═════ SUPPLIED DATA ═════
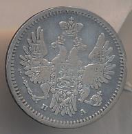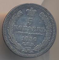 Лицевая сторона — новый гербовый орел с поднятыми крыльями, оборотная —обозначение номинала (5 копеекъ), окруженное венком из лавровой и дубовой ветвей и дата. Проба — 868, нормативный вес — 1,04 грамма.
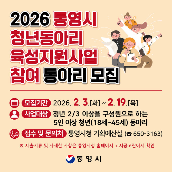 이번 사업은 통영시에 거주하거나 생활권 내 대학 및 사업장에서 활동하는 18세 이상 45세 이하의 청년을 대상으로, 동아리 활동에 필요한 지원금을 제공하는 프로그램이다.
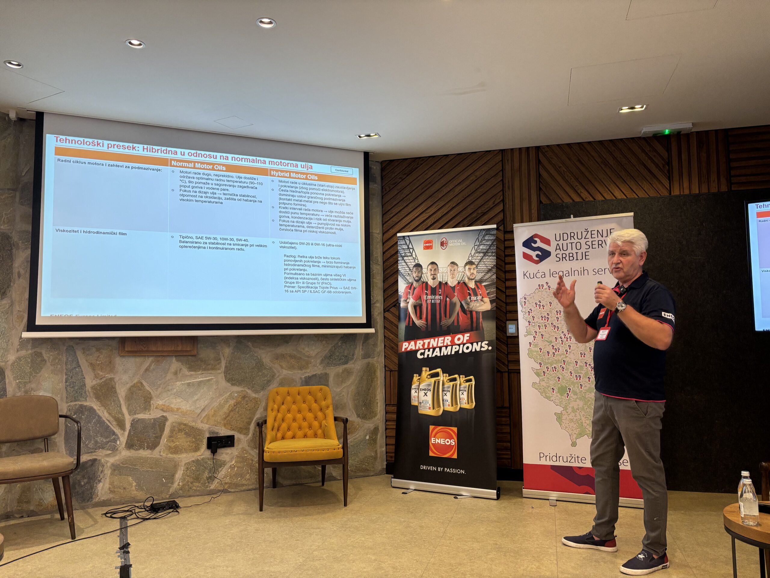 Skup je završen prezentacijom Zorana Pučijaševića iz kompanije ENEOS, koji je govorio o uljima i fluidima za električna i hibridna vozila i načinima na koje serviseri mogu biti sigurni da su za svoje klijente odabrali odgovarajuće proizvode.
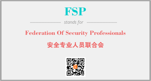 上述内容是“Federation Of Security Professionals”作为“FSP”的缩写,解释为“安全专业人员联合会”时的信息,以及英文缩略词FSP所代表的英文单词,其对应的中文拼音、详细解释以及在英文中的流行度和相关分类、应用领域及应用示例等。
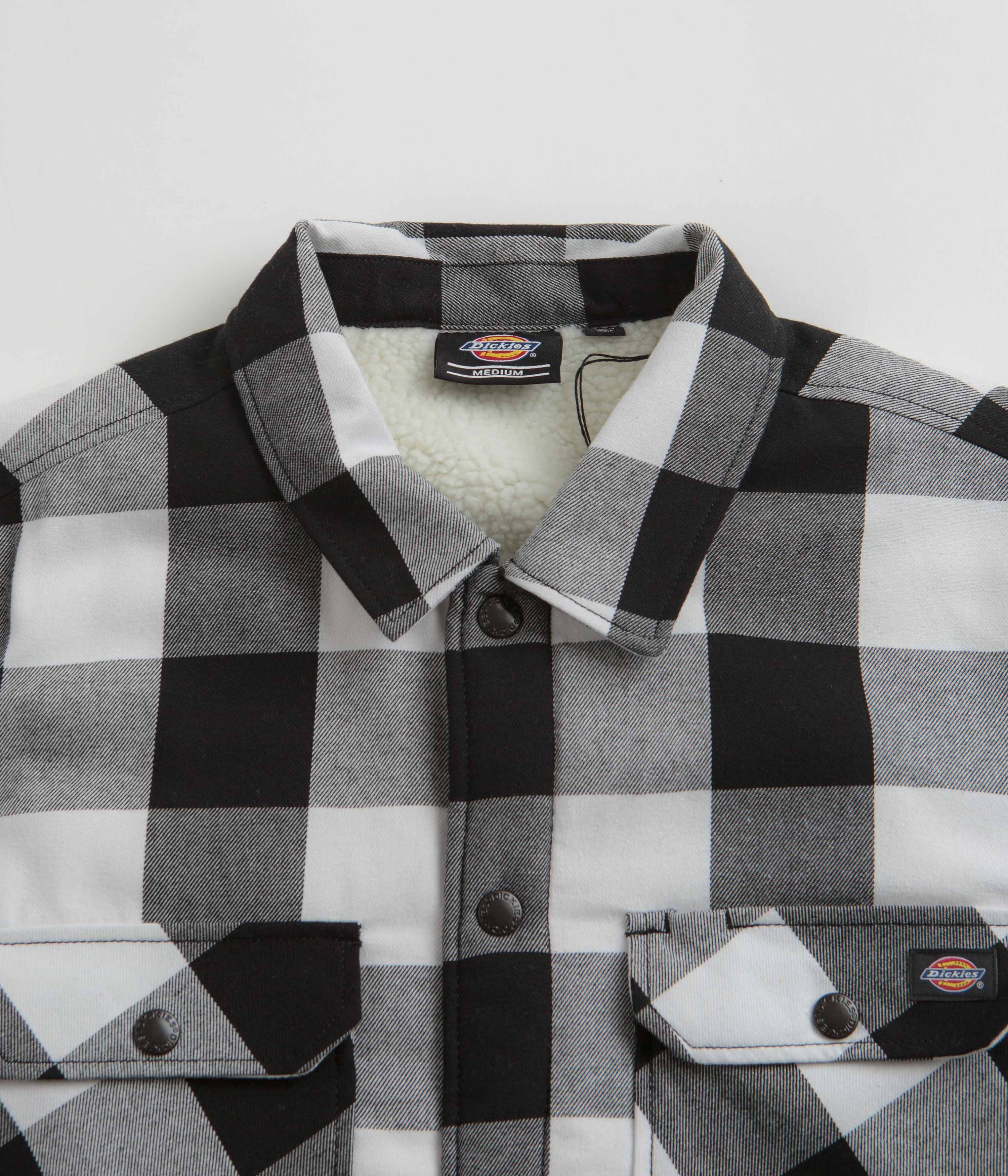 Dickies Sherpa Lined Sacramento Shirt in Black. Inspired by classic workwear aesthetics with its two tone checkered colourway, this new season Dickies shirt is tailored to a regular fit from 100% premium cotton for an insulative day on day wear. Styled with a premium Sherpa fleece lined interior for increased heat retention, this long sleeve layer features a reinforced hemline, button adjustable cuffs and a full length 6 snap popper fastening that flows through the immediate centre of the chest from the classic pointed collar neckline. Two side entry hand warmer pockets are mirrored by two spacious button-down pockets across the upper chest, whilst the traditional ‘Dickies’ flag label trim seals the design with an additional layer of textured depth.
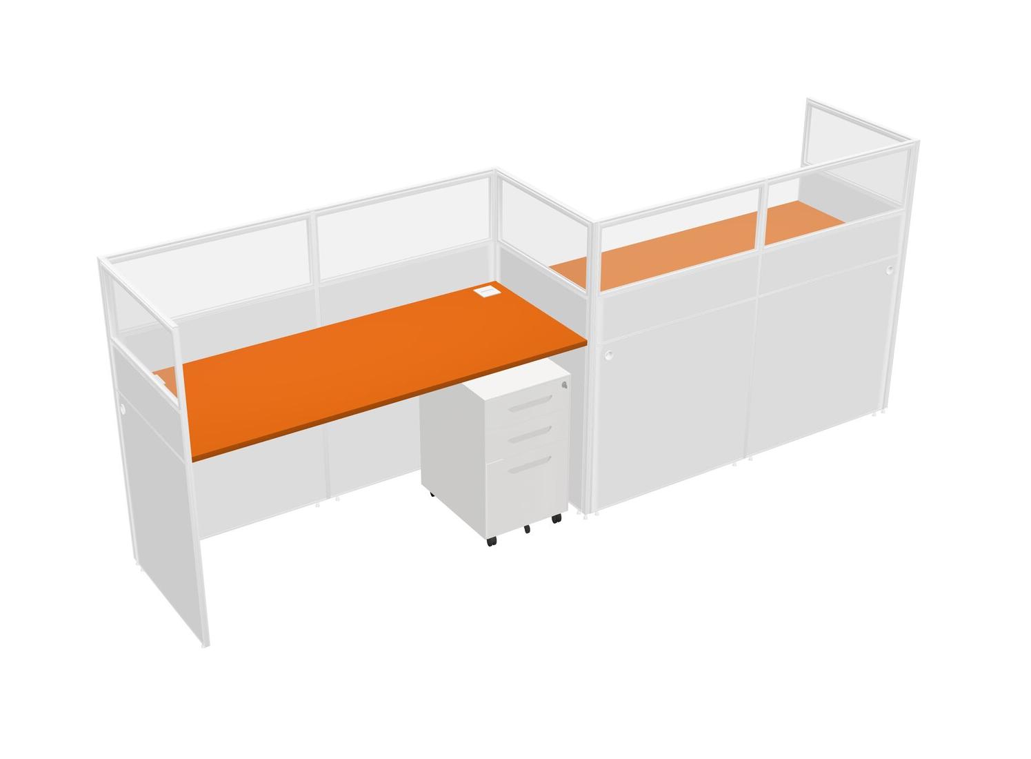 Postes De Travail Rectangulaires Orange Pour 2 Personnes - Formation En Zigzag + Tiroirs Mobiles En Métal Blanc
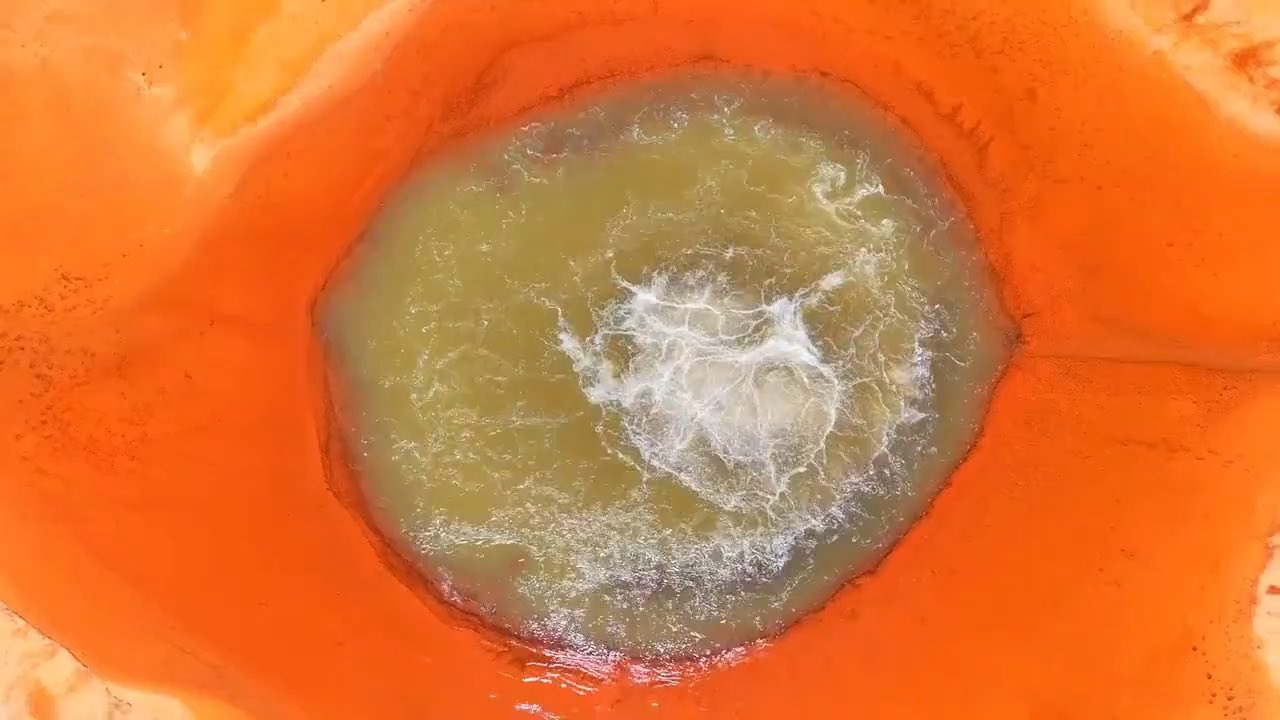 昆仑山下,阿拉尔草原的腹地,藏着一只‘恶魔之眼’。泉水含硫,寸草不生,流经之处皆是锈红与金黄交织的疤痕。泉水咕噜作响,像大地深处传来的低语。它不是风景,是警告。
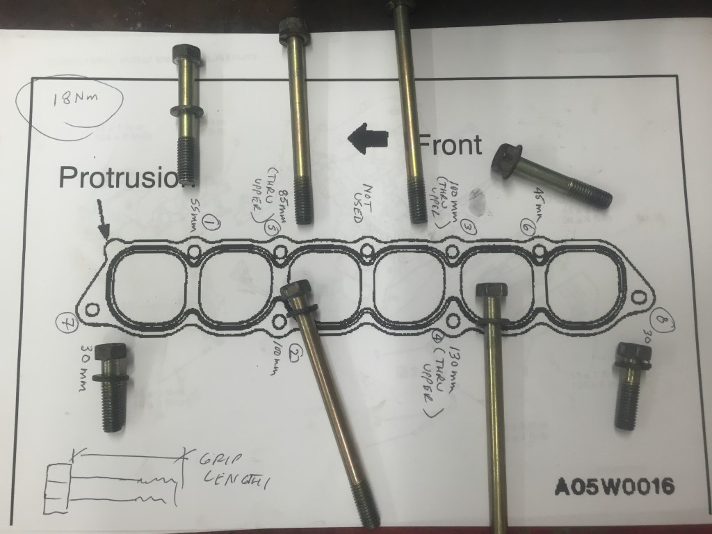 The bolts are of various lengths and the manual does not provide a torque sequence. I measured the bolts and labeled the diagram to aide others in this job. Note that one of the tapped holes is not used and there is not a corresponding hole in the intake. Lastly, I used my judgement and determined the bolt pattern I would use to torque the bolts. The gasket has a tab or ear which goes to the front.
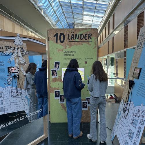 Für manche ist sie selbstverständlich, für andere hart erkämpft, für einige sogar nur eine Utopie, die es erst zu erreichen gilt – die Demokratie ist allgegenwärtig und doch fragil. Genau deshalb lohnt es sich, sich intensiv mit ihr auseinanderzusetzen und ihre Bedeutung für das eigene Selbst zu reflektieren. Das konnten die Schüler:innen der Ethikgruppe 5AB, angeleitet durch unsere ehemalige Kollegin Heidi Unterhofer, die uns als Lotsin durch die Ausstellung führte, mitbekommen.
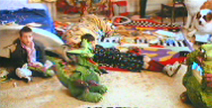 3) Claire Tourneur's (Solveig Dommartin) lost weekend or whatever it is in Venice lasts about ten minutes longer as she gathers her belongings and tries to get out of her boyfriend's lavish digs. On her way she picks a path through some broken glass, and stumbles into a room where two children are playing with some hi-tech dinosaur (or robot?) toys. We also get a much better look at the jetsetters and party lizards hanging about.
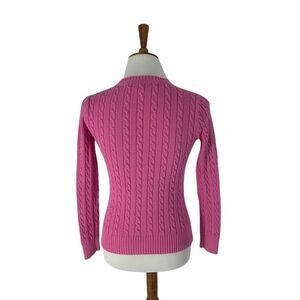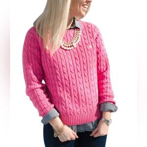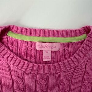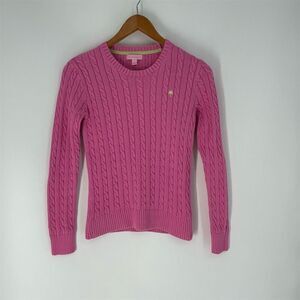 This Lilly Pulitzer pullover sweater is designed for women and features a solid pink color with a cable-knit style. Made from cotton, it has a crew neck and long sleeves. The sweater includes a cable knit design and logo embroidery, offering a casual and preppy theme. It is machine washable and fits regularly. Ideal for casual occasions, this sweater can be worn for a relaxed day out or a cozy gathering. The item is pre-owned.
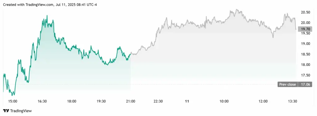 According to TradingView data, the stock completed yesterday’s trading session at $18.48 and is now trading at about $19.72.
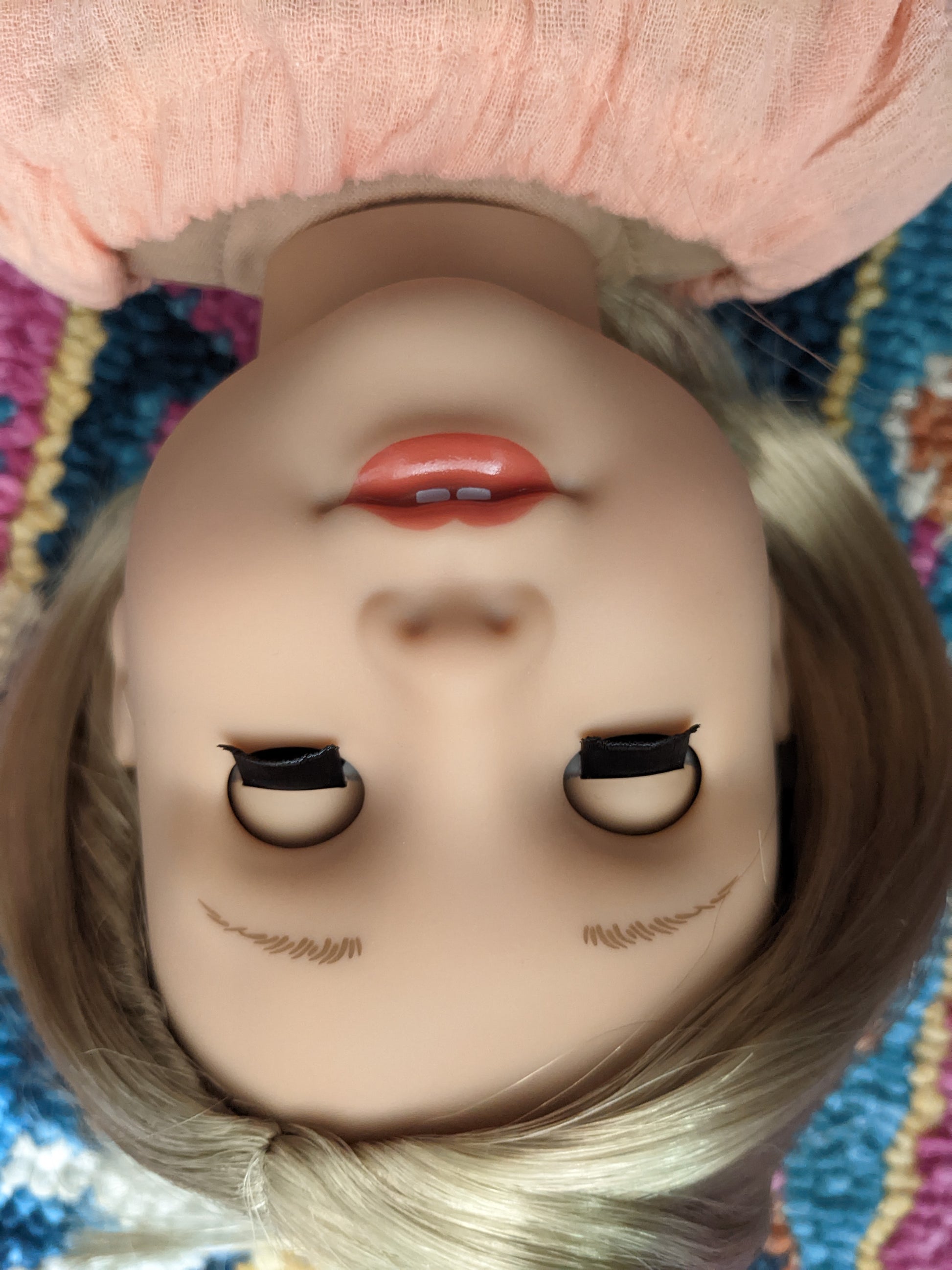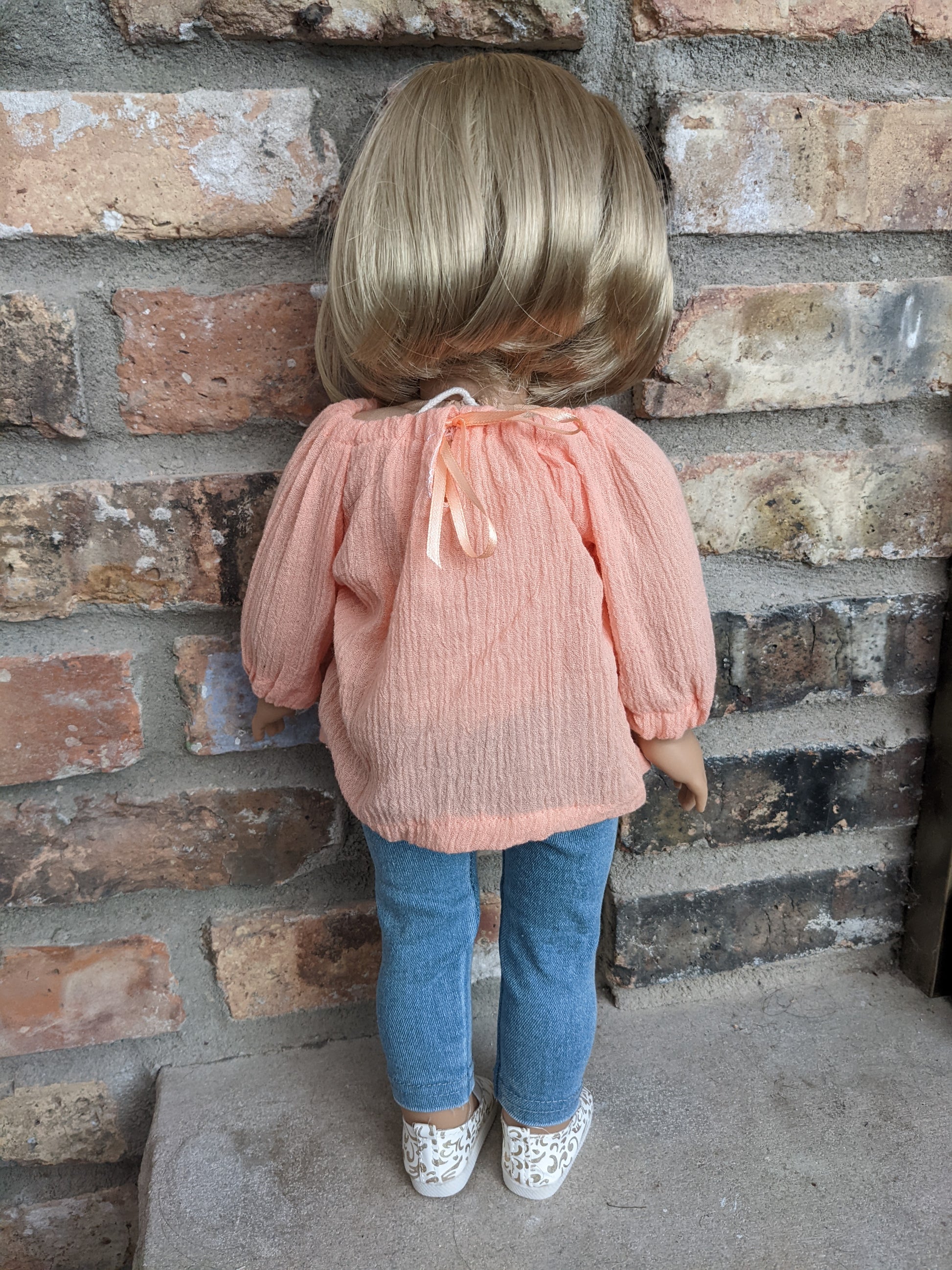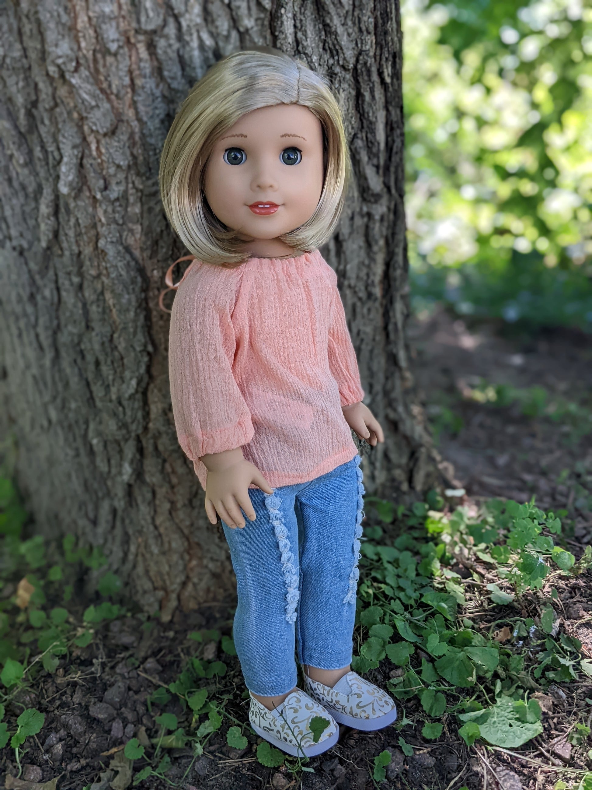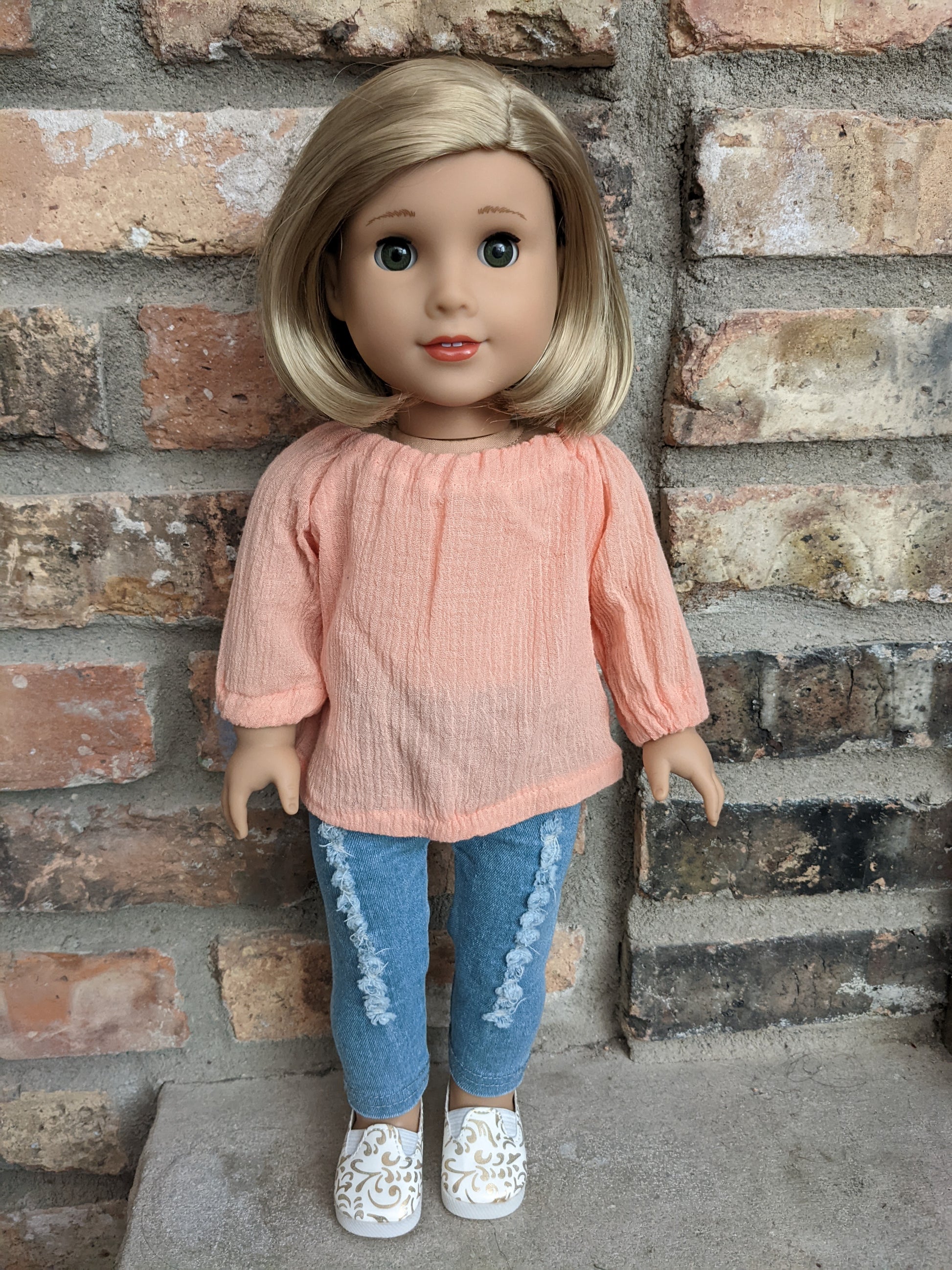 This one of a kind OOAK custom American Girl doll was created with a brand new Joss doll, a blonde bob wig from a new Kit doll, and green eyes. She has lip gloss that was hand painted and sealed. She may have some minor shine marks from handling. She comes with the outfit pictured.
═════
PROBLEM DETAILS:
Drop the pictures and give every line above again exactly.

RESPONSE AREA:
 Лицевая сторона — новый гербовый орел с поднятыми крыльями, оборотная —обозначение номинала (5 копеекъ), окруженное венком из лавровой и дубовой ветвей и дата. Проба — 868, нормативный вес — 1,04 грамма.
 이번 사업은 통영시에 거주하거나 생활권 내 대학 및 사업장에서 활동하는 18세 이상 45세 이하의 청년을 대상으로, 동아리 활동에 필요한 지원금을 제공하는 프로그램이다.
 Skup je završen prezentacijom Zorana Pučijaševića iz kompanije ENEOS, koji je govorio o uljima i fluidima za električna i hibridna vozila i načinima na koje serviseri mogu biti sigurni da su za svoje klijente odabrali odgovarajuće proizvode.
 上述内容是“Federation Of Security Professionals”作为“FSP”的缩写,解释为“安全专业人员联合会”时的信息,以及英文缩略词FSP所代表的英文单词,其对应的中文拼音、详细解释以及在英文中的流行度和相关分类、应用领域及应用示例等。
 Dickies Sherpa Lined Sacramento Shirt in Black. Inspired by classic workwear aesthetics with its two tone checkered colourway, this new season Dickies shirt is tailored to a regular fit from 100% premium cotton for an insulative day on day wear. Styled with a premium Sherpa fleece lined interior for increased heat retention, this long sleeve layer features a reinforced hemline, button adjustable cuffs and a full length 6 snap popper fastening that flows through the immediate centre of the chest from the classic pointed collar neckline. Two side entry hand warmer pockets are mirrored by two spacious button-down pockets across the upper chest, whilst the traditional ‘Dickies’ flag label trim seals the design with an additional layer of textured depth.
 Postes De Travail Rectangulaires Orange Pour 2 Personnes - Formation En Zigzag + Tiroirs Mobiles En Métal Blanc
 昆仑山下,阿拉尔草原的腹地,藏着一只‘恶魔之眼’。泉水含硫,寸草不生,流经之处皆是锈红与金黄交织的疤痕。泉水咕噜作响,像大地深处传来的低语。它不是风景,是警告。
 The bolts are of various lengths and the manual does not provide a torque sequence. I measured the bolts and labeled the diagram to aide others in this job. Note that one of the tapped holes is not used and there is not a corresponding hole in the intake. Lastly, I used my judgement and determined the bolt pattern I would use to torque the bolts. The gasket has a tab or ear which goes to the front.
 Für manche ist sie selbstverständlich, für andere hart erkämpft, für einige sogar nur eine Utopie, die es erst zu erreichen gilt – die Demokratie ist allgegenwärtig und doch fragil. Genau deshalb lohnt es sich, sich intensiv mit ihr auseinanderzusetzen und ihre Bedeutung für das eigene Selbst zu reflektieren. Das konnten die Schüler:innen der Ethikgruppe 5AB, angeleitet durch unsere ehemalige Kollegin Heidi Unterhofer, die uns als Lotsin durch die Ausstellung führte, mitbekommen.
 3) Claire Tourneur's (Solveig Dommartin) lost weekend or whatever it is in Venice lasts about ten minutes longer as she gathers her belongings and tries to get out of her boyfriend's lavish digs. On her way she picks a path through some broken glass, and stumbles into a room where two children are playing with some hi-tech dinosaur (or robot?) toys. We also get a much better look at the jetsetters and party lizards hanging about.
 This Lilly Pulitzer pullover sweater is designed for women and features a solid pink color with a cable-knit style. Made from cotton, it has a crew neck and long sleeves. The sweater includes a cable knit design and logo embroidery, offering a casual and preppy theme. It is machine washable and fits regularly. Ideal for casual occasions, this sweater can be worn for a relaxed day out or a cozy gathering. The item is pre-owned.
 According to TradingView data, the stock completed yesterday’s trading session at $18.48 and is now trading at about $19.72.
 This one of a kind OOAK custom American Girl doll was created with a brand new Joss doll, a blonde bob wig from a new Kit doll, and green eyes. She has lip gloss that was hand painted and sealed. She may have some minor shine marks from handling. She comes with the outfit pictured.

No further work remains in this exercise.